05/01/2026
I have always said Maxie Baughan is the most glaring omission to the Pro Football Hall of Fame.
Nine Pro Bowls. Seven All-Pro selections across eleven seasons. A championship ring in his rookie year. And almost nobody outside of serious football historians knows his name.
Maxie Baughan is the kind of player who gets lost between the names that define eras — not quite famous enough for casual recognition, but decorated enough that the people who evaluate these things keep circling back and wondering why the Hall of Fame door hasn't opened.
He arrived in Philadelphia in 1960 as a second-round pick and immediately started — nine of twelve games as a rookie, on a team that beat Vince Lombardi's Green Bay Packers for the NFL Championship. That title remained Philadelphia's last until Super Bowl LII in 2018, which means Baughan was part of something the franchise spent 57 years trying to recapture. Pro Bowl as a rookie. Runner-up for Rookie of the Year. Three interceptions in that Pro Bowl game alone.
The Eagles kept him for six years, sending him to the Pro Bowl in five of them, and during a 1965 game against Pittsburgh he returned an interception for the only touchdown of his professional career, part of a nine-interception team performance in a 47–13 win that set a franchise record.
Then the Eagles started losing and Baughan wanted out.
George Allen was entering his first head coaching job with the Rams and knew exactly who he wanted. He sent two players to Philadelphia and got Baughan, then spent extensive hours in the film room with him — teaching, studying, developing the kind of football relationship that Baughan later said taught him more about the game than anyone else ever had. Allen made him defensive captain and gave him the signal-calling responsibility for the unit. Four more Pro Bowls in four seasons with Los Angeles. Three more first-team All-Pro selections.
The trade that sent his contractual rights to Washington in January 1971 is the kind of transaction that requires three paragraphs to list all the pieces — six players including Jack Pardee, multiple draft picks across two years, picks that eventually became Isiah Robertson and Dave Elmendorf and a chain of other selections that rippled through the early 1970s NFL draft landscape. Baughan's rights, packaged with five other players, generated enough return that Washington essentially rebuilt portions of its roster around the deal.
His career generated that much value. The recognition hasn't always reflected it.
Allen talked him back for two games in 1974 as a player-coach, mostly backing up Chris Hanburger in Washington. Then retirement, final this time.

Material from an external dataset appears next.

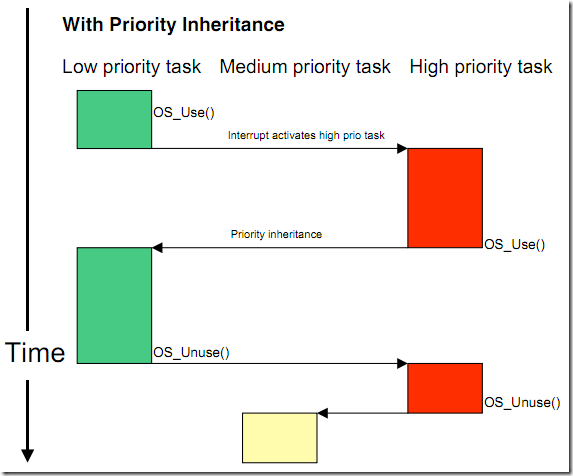 当A被阻塞,要去调度,即使存在另一个中优先级任务B,则也可以实现:

Eighteen career interceptions. Twenty-four and a half unofficial sacks. Ten fumble recoveries. One hundred and forty-seven games. A career that produced more Pro Bowl selections than most Hall of Famers can claim, built across two cities, under two different coaching philosophies, with consistent excellence that the voters recognized nine times.
The Hall of Fame has not yet agreed with the voters.